DeepSeek-V4-Flash via OpenRouter, single-sample protocol, tokens counted across all calls each method makes. N=30 per benchmark — treat ±9pp as noise. Full tables and methodology: docs/RESULTS.md.

AIME 2025 (hard for the model — native thinking spends ~15k tokens/problem):

method accuracy mean tokens
single cheap call 40.0% 2.0k
self-consistency@10 43.3% 18.2k
best-of-5 + LLM judge 50.0% 13.9k
native thinking (1 call) 56.7% 14.6k
ZEN (vote) 56.7–66.7% (2 runs) 12.8k

AIME 2024 (easy for the model — native thinking self-regulates to ~9k):

method accuracy mean tokens
native thinking (1 call) 76.7% 9.2k
ZEN (vote) 73.3% 9.8k

Honest reading: ZEN wins when the task challenges the model (cuts waste, adds vote robustness). When the task is easy for the model, it is a statistical tie with slight overhead — modern thinking modes already self-regulate. Rule of thumb from the data: ZEN pays off when ≥ ~35–55% of your traffic is cheaply solvable.

The three layers

layer what it does use it for
ZenGateway classifies each message (chat / question / task) and dispatches the right amount of compute chat apps, AI workspaces — an automatic thinking mode
ZenRouter cheap consensus → thinking escalation, for verifiable answers math, MCQ, facts, extraction, code-with-tests
ZenPlanner plan-and-execute: decompose, run steps with threaded context, synthesize multi-step tasks, agent pipelines

ZenGateway — the automatic thinking mode

from zen import ZenGateway

gw = ZenGateway()
gw.route("hey, what do you think about coffee?")   # chat  -> 1 cheap call
gw.route("Which planet has the most moons?")       # question -> consensus route
gw.route("Compare SQLite and PostgreSQL and recommend one.")  # task -> planner
gw.route(msg, kind="question")                     # or force the kind yourself

Tool-safety rule (built in): pass tools_present=True on turns where the model may call tools. The gateway then makes exactly one routed call — it never samples in parallel around side-effectful tools (two samples would run your tools twice). Your agent loop handles the tool cycle around it.

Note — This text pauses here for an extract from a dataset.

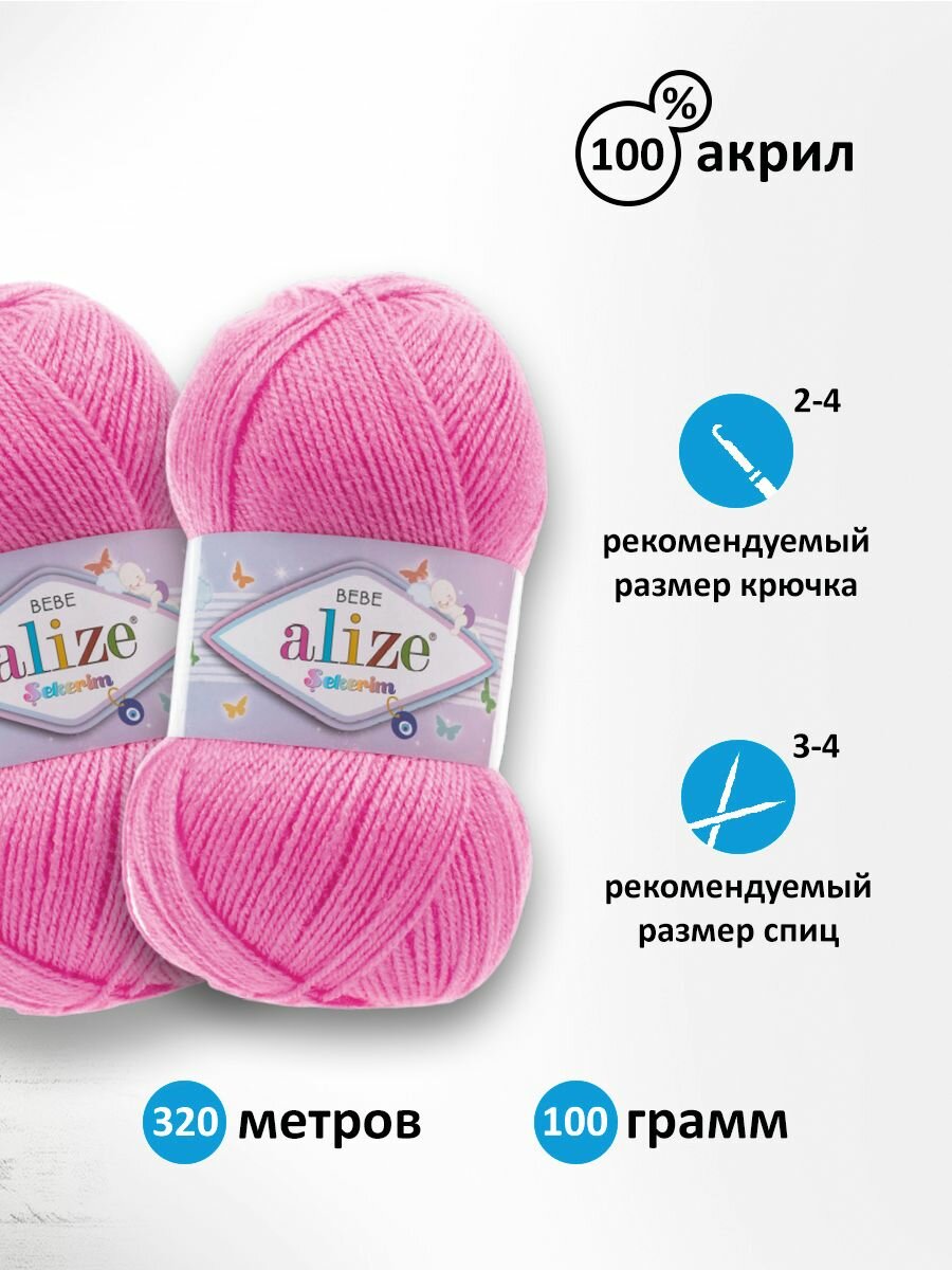 Отзывы на Пряжа для вязания Alize Sekerim Bebe (Шекерим Беби) - 5 мотков 157 ярко-розовый, детская гипоаллергенная, 100% акрил, 320м/100г

ZenRouter — verifiable Q→A

from zen import ZenRouter

router = ZenRouter()                    # math-style prompt/parser by default
result = router.solve("If 3x + 7 = 22, what is x?")
result.answer, result.tokens, result.path   # 5, ~4k, "consensus"

ZenRouter(
    variant="vote",          # "vote" (validated best) | "eager" | "hybrid"
    temperature=0.7,         # sampling diversity for consensus
    native_weight=2,         # native sample's weight in the final vote
    think_budget=16000,      # completion budget of the native call
    parser=my_extractor,     # swap the answer parser for your domain
    raw_log="samples.jsonl", # dump every sample for offline analysis
)

ZenPlanner — plan-and-execute with an agent hook

from zen import ZenPlanner

def my_agent_step(step_description, context):
    # run your tool-calling agent (e.g. SIFT) on this step, return text
    return my_agent.run(step_description, context)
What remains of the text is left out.